Rebooting... worked. I was presented with a GRUB boot menu. Choosing Ubuntu booted into 13.04 successfully.
  • Graphically, Unity was working perfectly with the Intel HD4000
  • Win 8 partitions could be accessed with one click
  • Wireless was up - the network password had been remembered from when I entered it during the installation process
  • The battery meter was fine
  • Bluetooth was working
  • Suspend on lid close/restore on lid open was fine
Next up, booting back into Win 8. Choosing Windows 8 (loader) from the GRUB menu resulted in:

error: can't find command 'drivemap'.
error: invalid EFI file path.

Press any key to continue...

Booting to "Windows Boot Manager" via the BIOS' Boot Override menu didn't work either - it presented a Windows "your system has encountered an error" screen briefly, before rebooting. This wasn't good.

I continued booting to "Windows Boot Manager" via the BIOS. On the third attempt, Win 8's Automatic Repair (quite a nice feature, Microsoft - well done) kicked in and automatically started the boot repair process. No user input was required. It spent about 60 seconds "repairing", after which it rebooted.

"Windows Boot Manager" via the BIOS then succeeded - Win 8 was alive again.

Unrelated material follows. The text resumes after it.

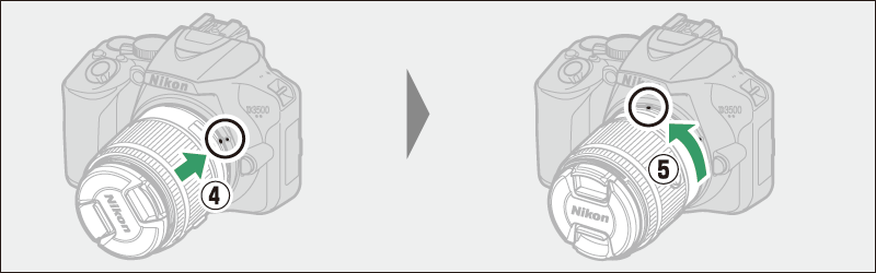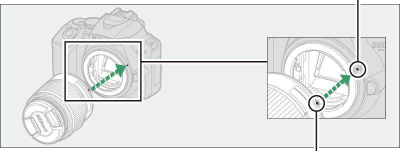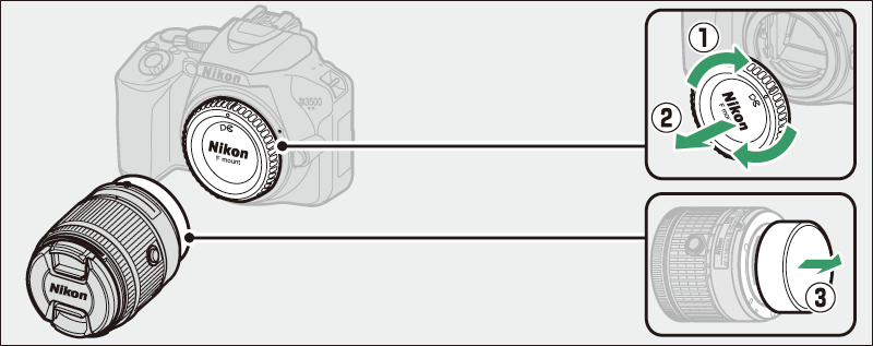 Pas på, at der ikke kommer støv ind i kameraet, når objektivet eller kamerahusdækslet fjernes. Der benyttes generelt et objektiv af typen AF-P DX NIKKOR 18–55mm f/3.5–5.6G VR til illustrative formål i denne brugervejledning.

As for the Windows 8 (loader) entry in the GRUB menu; this is just going to need some tweaking of the GRUB menuentry (some ideas can be found here). I did get it working directly via GRUB; I'll make the changes to the grub config later on.

Update:

Just comment out most of the grub menuentry for Windows 8; leave the second search line (search --fs-uuid --no-floppy --set=root <the_ID>) and replace the chainloader line with chainloader (${root})/EFI/Boot/bootx64.efi. Hopefully GRUB will have this remedied soon.

Conclusion

It worked close to flawlessly for me.

Whether that's because Samsung has fixed the issue in a BIOS update, or because of Matthew's kernel patch, or perhaps my particular laptop's firmware isn't affected, or just down to luck (and it might fail later on), I'm not sure. I certainly can't say it will work for you. All I can say is that, so far, it's worked for me.

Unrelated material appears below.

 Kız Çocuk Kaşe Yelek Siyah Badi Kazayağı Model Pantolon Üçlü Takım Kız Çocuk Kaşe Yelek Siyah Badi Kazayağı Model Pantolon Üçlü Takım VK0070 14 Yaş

If you do fancy installing Linux on your Samsung laptop, I'd advise a path similar to the one I've documented here. It's quick, easy, and intuitive - it is basically aligned with the default installation recommendations for 13.04 on UEFI.

So, the situation is looking promising. The real travesty is Samsung's continued, and continuing, blithely indifferent attitude towards Linux users. This appears to be a critical firmware bug which results in complete hardware failure. Failing to provide a fix in a timely manner, failing to provide updates to end-users, and refusing to fix machines which fail under warranty; that is not a consumer-friendly approach. Given that Samsung is now king of kings among Android mobile device manufacturers, their attitude is hard to understand, and even harder to accept.

Monday, 29 April 2013

Samsung Laptops Still Can't Run Linux


Those keeping themselves apprised of Linux news will be aware of a particularly nasty issue that reared its head earlier this year. It was discovered that installing Linux could end up bricking some Samsung laptops.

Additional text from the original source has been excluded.